As the name implies, adverse yaw is an adverse or unfavorable condition that, among other things, delays achieving solo abilities. Traditionally, until his or her skills improve, struggling and committing to many hours of practice before soloing has been the assumed burden of a student pilot. Unknowingly and unnecessarily, novices have been fighting the additional challenge of flying with adverse yaw. Indeed, novice pilots have always assumed the lack of correlation between their control inputs/intentions and the response of the plane to be due to the need for more practice, or wind, when in fact adverse yaw has been a big factor!

The following article details the practice of using aileron/rudder transmitter mixing to eliminate adverse yaw, i.e., the inherent opposite yaw or skid that is especially pronounced during aileron deflections on flat-bottom wing aircraft, such as those used for primary flight training.

It’s probably safe to say that most of the people reading this learned to fly at the side of a recreational flier/instructor with little pre-flight preparation. As a result, most pilots are conditioned to “reacting” to what the airplane does, as opposed to having a plan and pro-actively controlling the plane. Consequently, most pilots naturally think that getting better at making corrections, having good reflexes, and experiencing more stick time are the keys to becoming a better flier. Rarely does adverse yaw or the advantages of aileron-rudder mixing when learning to fly ever come up. However, if you were to objectively compare the results achieved when training with aileron/rudder mixing versus without, you would discover an immediate improvement in consistency and the rate of learning.

ADVERSE YAW
Space does not permit going into all the aerodynamics involved during aileron deflections, so put simply, adverse yaw is caused by the wing with the down-aileron generating more lift and therefore more drag than the wing with the raised aileron. While banking into turns, making course corrections, or exiting turns, this drag differential causes the airplane to yaw/skid in the opposite direction in which the ailerons are applied. Therefore, pilots have to hold in the aileron longer to overcome the adverse skid. This causes an increase in the potential for over-controlling as well as the need to deal with a lack of consistency caused by the out-of-sync relationship between control inputs and the response of the plane.

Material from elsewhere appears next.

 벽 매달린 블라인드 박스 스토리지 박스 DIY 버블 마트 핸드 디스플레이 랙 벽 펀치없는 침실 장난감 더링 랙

As a rule, adverse yaw is most pronounced on high-lift, flat-bottom wing aircraft and gets worse at slower airspeeds and/or when making larger aileron inputs. This explains why some people can fly a flat-bottom wing trainer around, but then struggle to control the plane during slower speed landings. (For example, adverse yaw is so severe on a scale Piper Cub, that when flown near stall speed, it will actually turn left when right aileron is applied and vice-versa!) Also, since the principle effect of wind is exaggerating deviations that would otherwise be minor on calmer days, adverse yaw creates a whole slew of problems when trying to fly a trainer in windy conditions.

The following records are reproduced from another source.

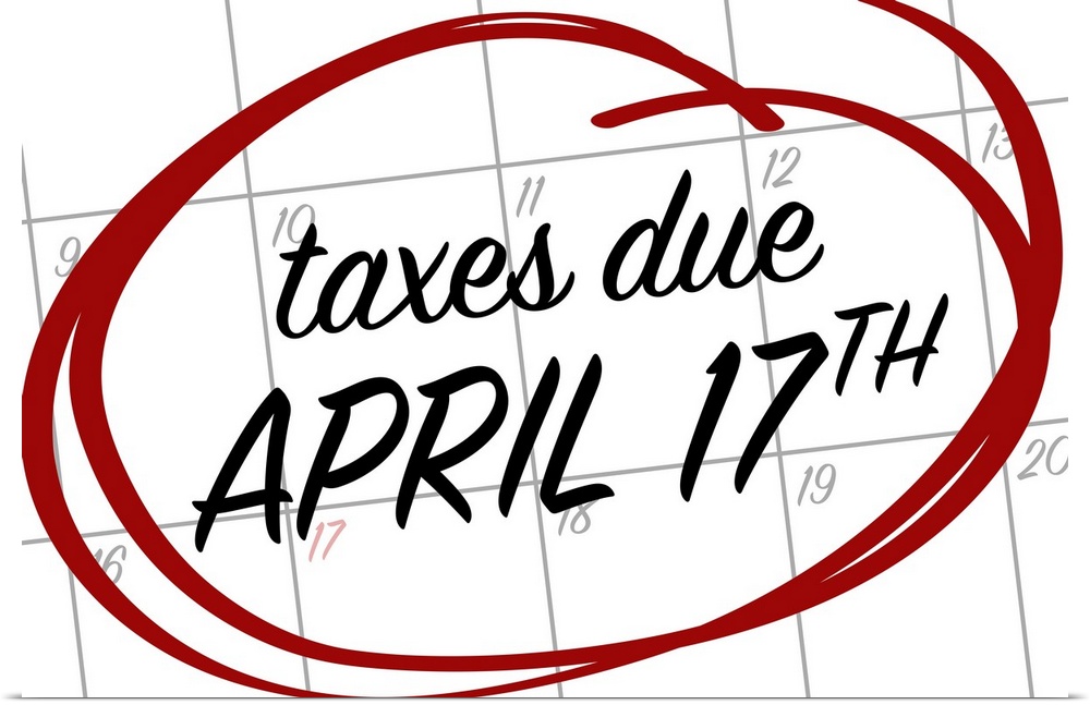 <p>Graphic art with "taxes due April 17th" circled in red on top of a calendar.</p>
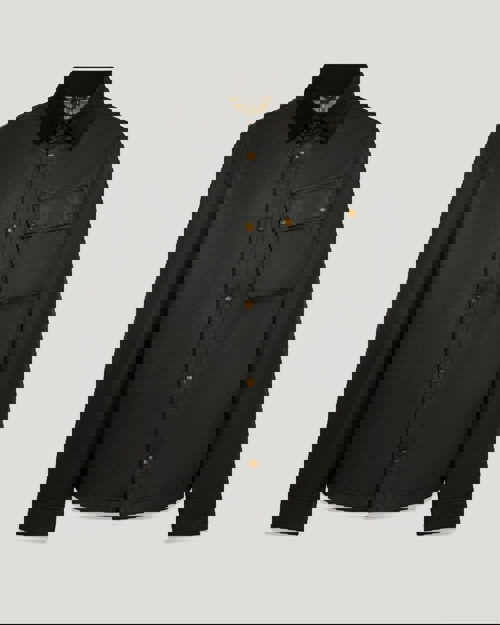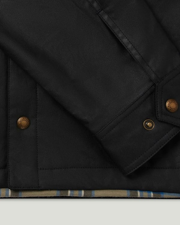 Meet the Ground jacket in black with a stylish corduroy collar. It offers instant warmth and protection with 6oz. British Millerain waxed cotton, which is water and wind repellent. Inside features a cotton twill lining woven in the signature Belstaff checked pattern, angled moto inspired chest pocket and snap adjustable cuffs with antique brass hardware. This men’s jacket is as at home on country walks as it is on the work commute over a suit.
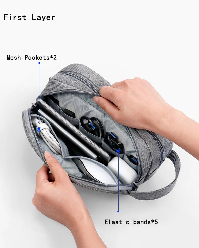 🌟 What is it - Meet the must-have Dual Portable Laptop Accessories Organizer Bag, designed to keep all your essential electronic accessories in one convenient place. This multifunctional storage solution features elastic bands and mesh pockets for optimal organization on the go!
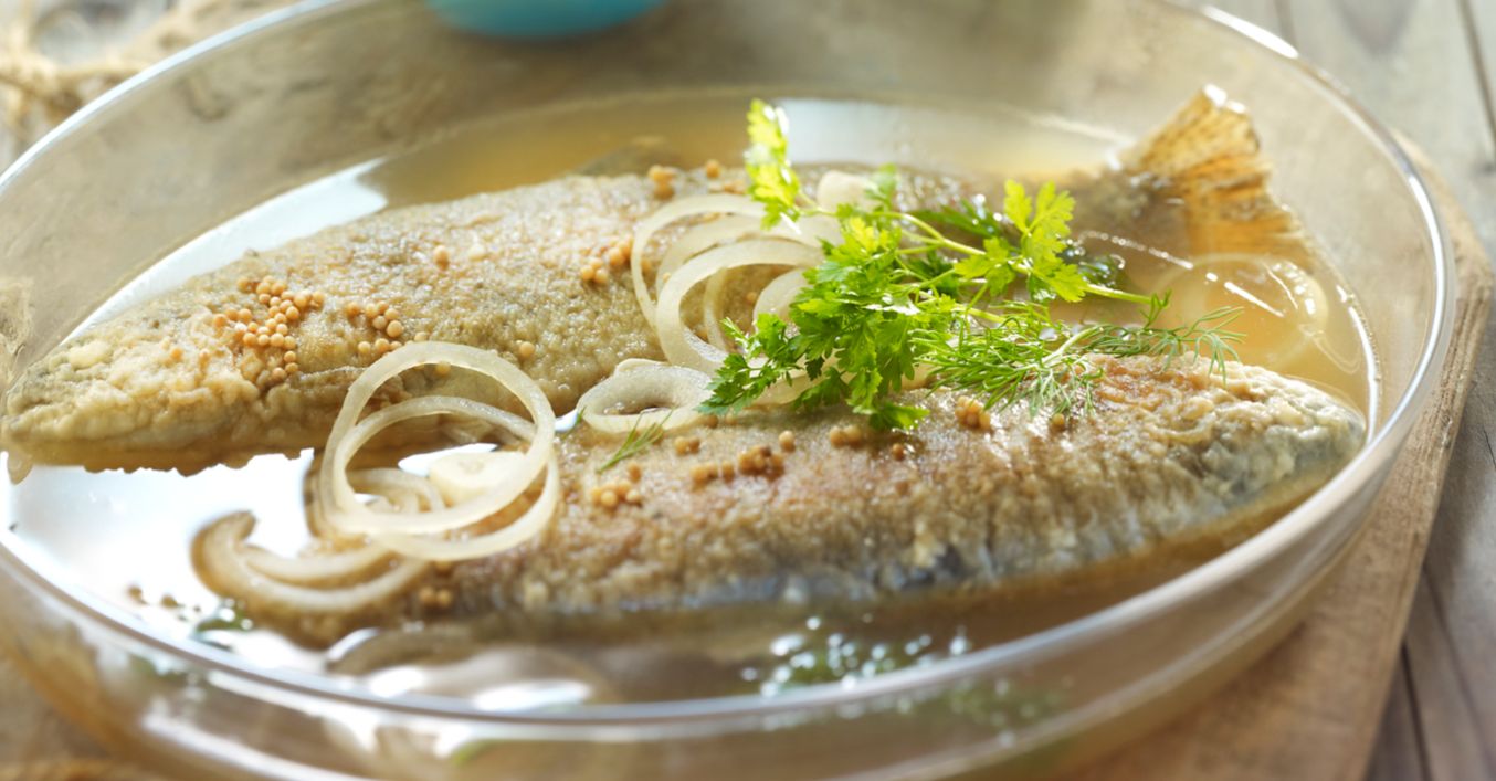Forellen in eine flache Schale legen, Sud darübergießen, kalt stellen und über Nacht durchziehen lassen.

Some common approaches to reduce the effects of adverse yaw in RC have been: flying at higher speeds, making the trainer less stable and more maneuverable by lessening wing dihedral, differential aileron travel (more up-aileron travel than down), avoiding wind, accepting it as how trainers fly, and continued reassurance from club members that the student will eventually get it with more practice. All of these only help to small and varying degrees.

AILERON/RUDDER MIXING
The logical solution to counter adverse yaw is with the surface that controls yaw, i.e., the rudder. Coordinating rudder deflections along with and in the same direction as the ailerons prevents the plane from skidding in the opposite direction while banking into and out of turns, making course corrections, rolling, etc. Most importantly, with adverse yaw eliminated, the response of the airplane conforms more closely to the inputs and intentions of the pilot!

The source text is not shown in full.